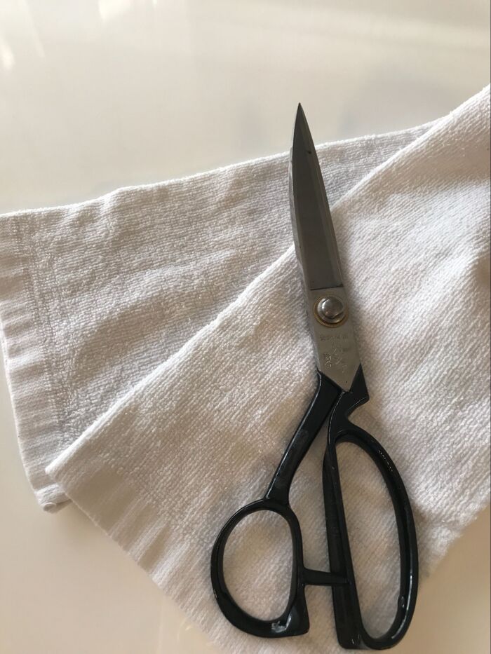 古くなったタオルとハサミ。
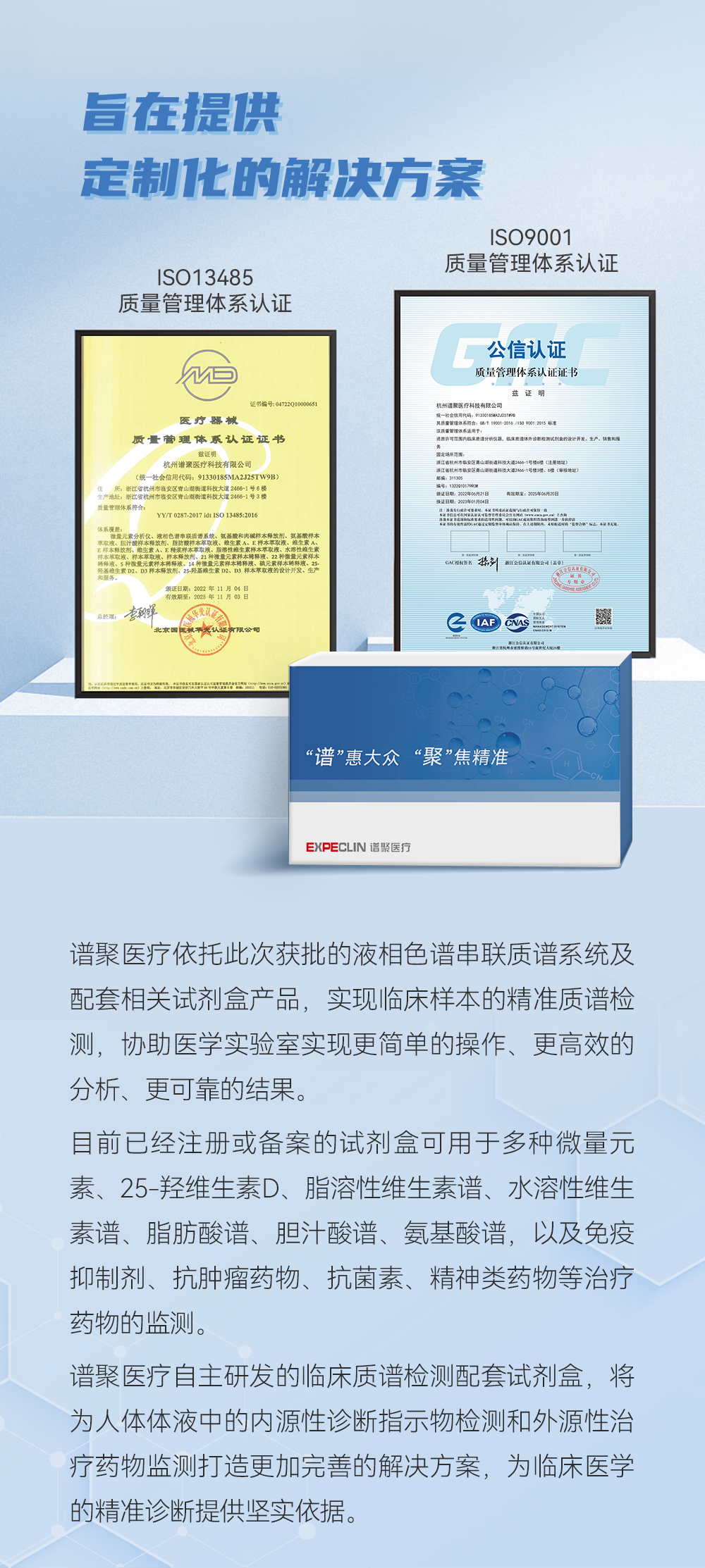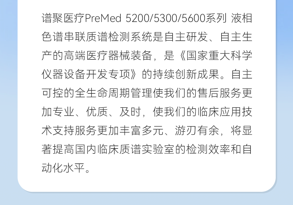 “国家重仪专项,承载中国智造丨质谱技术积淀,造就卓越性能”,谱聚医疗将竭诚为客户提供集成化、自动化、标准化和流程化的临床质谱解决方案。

==

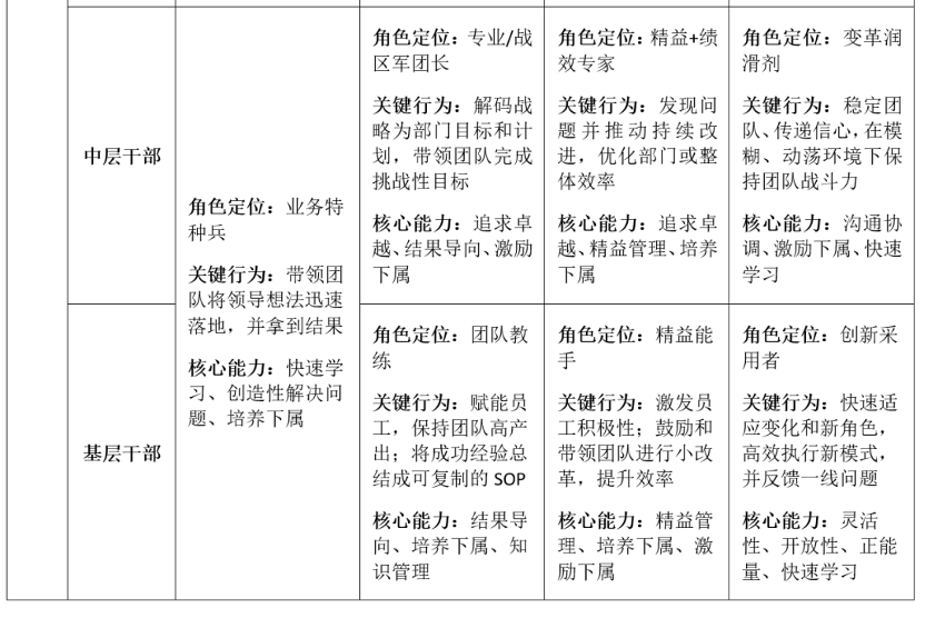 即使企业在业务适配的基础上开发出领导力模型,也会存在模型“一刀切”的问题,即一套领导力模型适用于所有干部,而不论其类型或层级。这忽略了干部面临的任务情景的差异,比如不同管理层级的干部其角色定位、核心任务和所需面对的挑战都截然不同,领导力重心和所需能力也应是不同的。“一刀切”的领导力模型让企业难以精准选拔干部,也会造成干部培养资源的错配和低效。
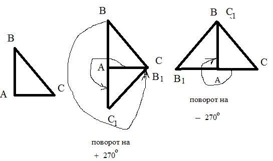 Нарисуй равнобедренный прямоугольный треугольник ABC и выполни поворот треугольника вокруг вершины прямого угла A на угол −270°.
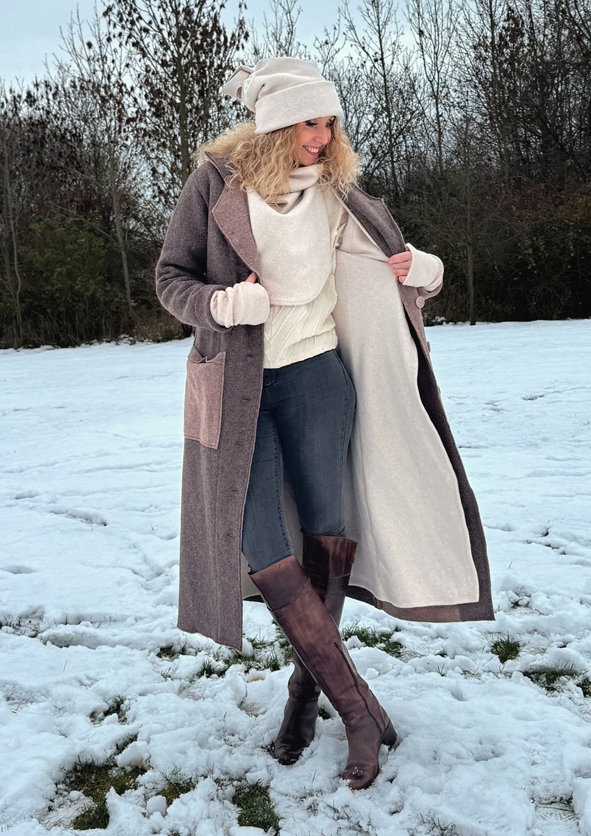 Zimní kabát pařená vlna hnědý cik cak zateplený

▸ YOUR TASK
Take the material above and output only the lines from the one that contains "即使企业在业务适配的基础上开" through the one that contains "Zimní kabát pařená", ends included and images left out.

▸ SOLVED PROBLEM
 即使企业在业务适配的基础上开发出领导力模型,也会存在模型“一刀切”的问题,即一套领导力模型适用于所有干部,而不论其类型或层级。这忽略了干部面临的任务情景的差异,比如不同管理层级的干部其角色定位、核心任务和所需面对的挑战都截然不同,领导力重心和所需能力也应是不同的。“一刀切”的领导力模型让企业难以精准选拔干部,也会造成干部培养资源的错配和低效。
 Нарисуй равнобедренный прямоугольный треугольник ABC и выполни поворот треугольника вокруг вершины прямого угла A на угол −270°.
 Zimní kabát pařená vlna hnědý cik cak zateplený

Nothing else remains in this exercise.